I can draw a line from a program:

line({0,0},{5,5});

But I cannot find the correct syntax to draw a circle by giving coordinates of the center and the radius. I tried all kind of syntaxes I could imagine with no success. Manual did not help me more.

Help much appreciated.

Kind regards.


Re: HP Prime - Drawing a circle from a program - Thomas Chrapkiewicz - 11-06-2013

ARC(G,x,y,r,a1,a2,c)

or

ARC_P (G,x,y,r,a1,a2,c)

Page 538 in Edition 1, July 2013, User Guide.

TomC


Re: HP Prime - Drawing a circle from a program - Eddie W. Shore - 11-06-2013

Note: radius (r) is always in pixels, regardless of whether ARC or ARC_P is used. So if you are using the Cartesian version of ARC, convert the radius first.
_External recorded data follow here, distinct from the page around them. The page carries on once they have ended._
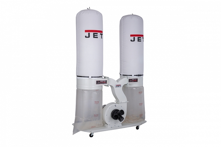 Jet DC-1900A — высокопроизводительная вытяжная установка со сдвоенными фильтрами и накопителями, поставляется с трёхфазным двигателем большой мощности. Разветвитель аспирационного патрубка позволяет подключать при помощи 100-миллиметровых рукавов до трёх точек пылесбора или, если требуется, один единственный рукав диаметром 150 или 200 мм. «Улитка» и крыльчатка выполнены из стали и не боятся повреждений сучками или щепой, которые попадаются в отходах деревообработки.
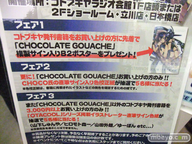 2010年12月22日~12月31日の期間、コトブキヤショップで開催予定の「コトブキヤBOOKフェア」の告知を見せて頂きました!12月下旬発売予定の「CHOCOLATE GOUACHE」複製サイン入りB2ポスターをプレゼント!というものです!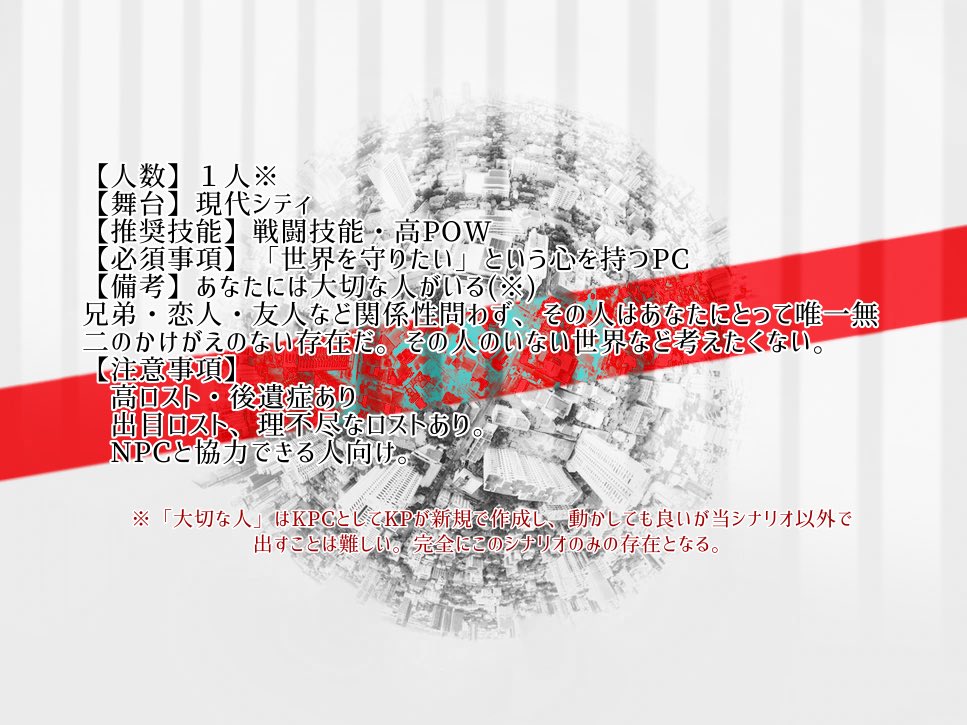 ◤クトゥルフ神話TRPG【WILL】 __これは反社会的組織に属する探索者の話。 ▼3/20~3/31、下記にて限定有料頒布 watasinohone.booth.pm ・秘匿4PL ・要地雷チェック ・PC/NPCとのRP重視 ・「探索者」を見つめ直すことを重視する。 ・このシナリオに救いはない。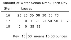 Selma recorded the amount of water, in ounces, that she drank each day during the last 20 days. Her results are shown in the stem-and-leaf plot below.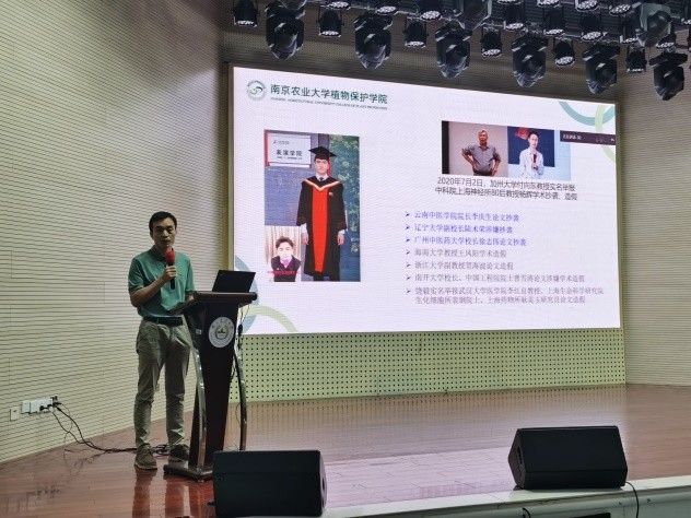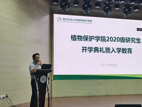 邵刚作总结致辞,他结合学科特色对研究生新生如何适应研究生阶段的科研生活提出三点建议:一是要明确“靶标”,寻找努力的“路径”;二是要正确看待“逆境”,不断提高“抗性”;三是师生之间“互作”,达到和谐“共生”。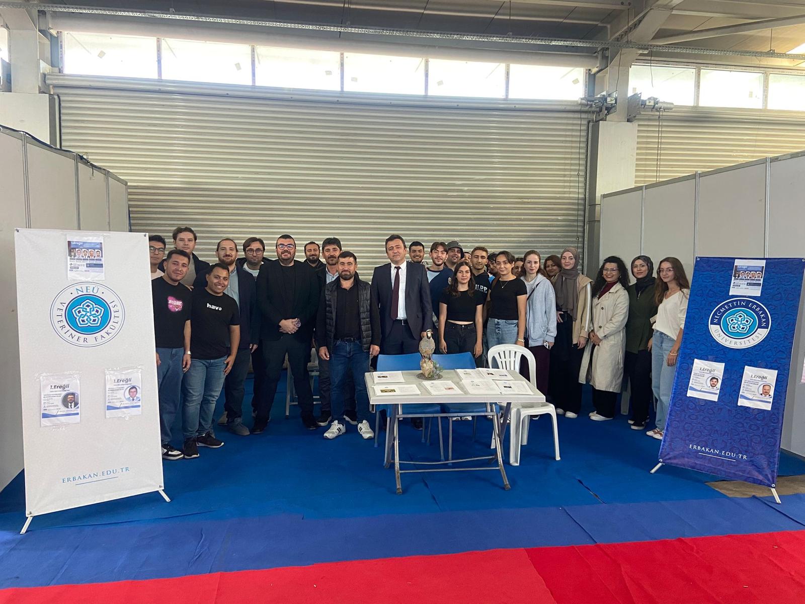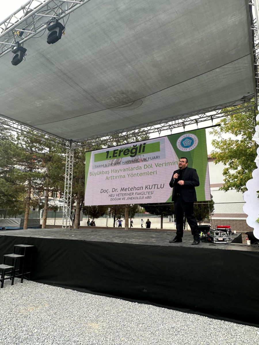 1. Konya-Ereğli Tarım Gıda ve Hayvancılık Fuarı fakültemizin kıymetli hocaları; Doç. Dr. Metehan Kutlu, Dr. Öğretim Üyesi Neffel Kürşat AKBULUT, Dr. Öğretim Üyesi Muhammet Hanifi SELVİ ve Dr. Öğretim Üyesi Hasan Hüseyin ŞENYÜZ'ün sunumları ile başarılı bir şekilde gerçekleştirilmiştir. Hocalarımızı Ereğli halkı, meslek paydaşları, yetiştiriciler ve öğrencilerimiz için yapmış oldukları sunumlardan dolayı tebrik ederiz. Ayrıca fuar süresince göstermiş oldukları özverili gayret için Vet. Hekim Fatih TOKAY, Vet. Tek. İbrahim GÜR ve Ve. Tek. Fatih Mürsel ŞİMŞEK'e teşekkür ederiz.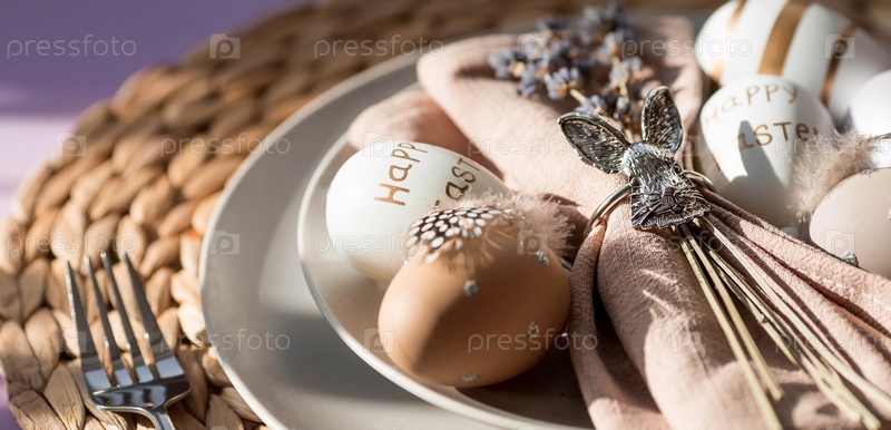 Концепция счастливого, светлого праздника Пасхи. Сервировка стола. Тарелка с кроликом на салфетке, лавандой и пасхальными яйцами на модном фоне 2022 года — это очень красиво. Вид сверху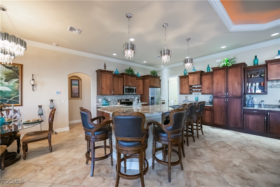 Welcome to Paradise! This Stunning Gulf Access home was built for entertaining! With the expansive great room and kitchen area, there is almost unlimited space for your guests. There is also a dedicated wet bar area. The den/office located right off the front door is large and offers plenty of windows for natural light and incredibly high ceilings. The owner's suite is a dream with pocking sliders to the pool area, crown molding, and back lit lighting in the tray ceiling and a bathroom that offers a luxurious spa feeling expansive dual vanities. If you're looking for a incredible outdoor living area, enjoy the huge lanai/pool area that features an outdoor kitchen with a separate island for additional seating. The boat dock has plenty of room for seating to watch our beautiful sunsets. A must see to believe! And just and added bonus...all assessments PAID! Schedule your showing today.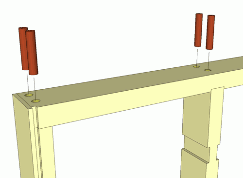 I assembled the front and back frames without drilling holes for the dowels.

I recommend just using ARC_P and work with pixels.
I believe the conversion formulas are:

X point to pixel: integer((x - Xmin)/(Xmax - Xmin)) * 318

Y point to pixel: integer((y - Ymax)/(Ymin -Ymax)) * 218

Also you can use the C>PX command in the catalog. C>PX(x,y) returns the list {x pixel, y pixel}.


Re: HP Prime - Drawing a circle from a program - Jean-Michel - 11-07-2013

Bonjour Thomas



Why does the command "circle()" not be used?

It was the command I was trying to use. I am confused.
Many thanks for you answer. Kind regards.


Re: HP Prime - Drawing a circle from a program - Mic - 11-07-2013

elle n'existe pas, tu dois utiliser ARC_P


Re: HP Prime - Drawing a circle from a program - Tim Wessman - 11-07-2013

Because "circle" implies that you are drawing a complete circle exclusively. ARC can draw curved arcs between 0<x<2pi angular values.

TW


Re: HP Prime - Drawing a circle from a program - Jean-Michel - 11-07-2013

Mic



in fact, I was using the line() command of the Geometry App in a program, which works fine as soon as you use the following syntax:

line({x1,y1},{x2,y2})

But for an unknown reason, trying to use a similar syntax on the circle() command of the Geometry App in a program does not work. For instance, here is a syntax I tried:

circle({x1,y1},{x2,y2})

I thought this would draw a circle where x1,y1 and x2,y2 would be the coordinates of two end points of a diameter.



Kind regards.